In this paper, we only tested the feasibility and accuracy of the proposed canopy gap shape feature-based method for registration and fusion of ALS and TLS point clouds, and we did not explore the parameter settings under different forest stand types and point cloud densities, including the height thresholds for canopy point cloud separation, the size of target cells, the resolution of the canopy point cloud density model, the thresholds for image pixel values in the binarization process, and the thresholds of the WEA. The height thresholds for canopy-point cloud separation vary depending on different study areas and sample sites. Large target units will result in a small number of canopy gaps and a great number of missing canopy gaps. A small target will cause the gaps that exist within the individual tree canopies and are identified as the canopy gaps.

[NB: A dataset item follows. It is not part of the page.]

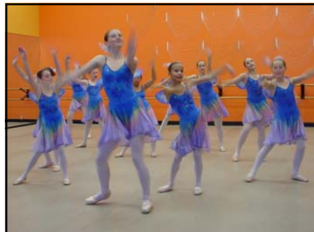
Members of the Los Angeles Youth Ballet, Junior Company.

This is a great example of the CRA's business attraction program at work, bringing positive, desirable businesses into neighborhoods. The Ballet Academy will bring art, culture, and education to the Reseda Business Corridor. This serves as a place for kids to come together in the community, and to stay off of the streets, by engaging in a creative outlet.
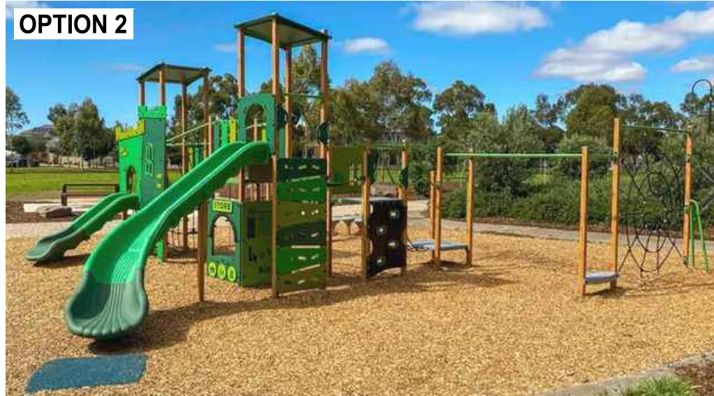
Play equipment (for 2-13year olds) with rubber softfall - OPTION 2

The binarized image pixel threshold will affect the shape of canopy gaps, and the WEA threshold will have an influence on the results of extracting the canopy gap turning or feature points. Overall, these parameter settings will affect the results of extracting the shape feature points of canopy gaps and thus have an impact on the accuracy of registering the point cloud data.

5. Conclusions

A method of point cloud registration based on the shape characteristics of canopy gaps was proposed in this paper, and automatic registration of TLS and ALS point cloud data was conducted using the selected four plots with different complexity levels of stand structures and conditions. The proposed method was compared with the method of fusing point clouds by crown feature points. The following conclusions can be drawn: (1) the canopy gap shape-based method proposed in this study performed better for fusing TLS and ALS point cloud data than the existing crown feature-based method; and (2) fusing ALS and TLS point clouds improved the estimation accuracy of tree height in terms of the R² and rRMSE values between the estimated and observed values compared with using TLS point cloud data alone. The accuracy improvement became more significant as the stand structures and conditions became more complex. In conclusion, the method of point cloud registration enhances the efficiency and automation of feature point extraction and registration accuracy, which is beneficial for better quantification of forest structure and monitoring and researching forest ecosystems.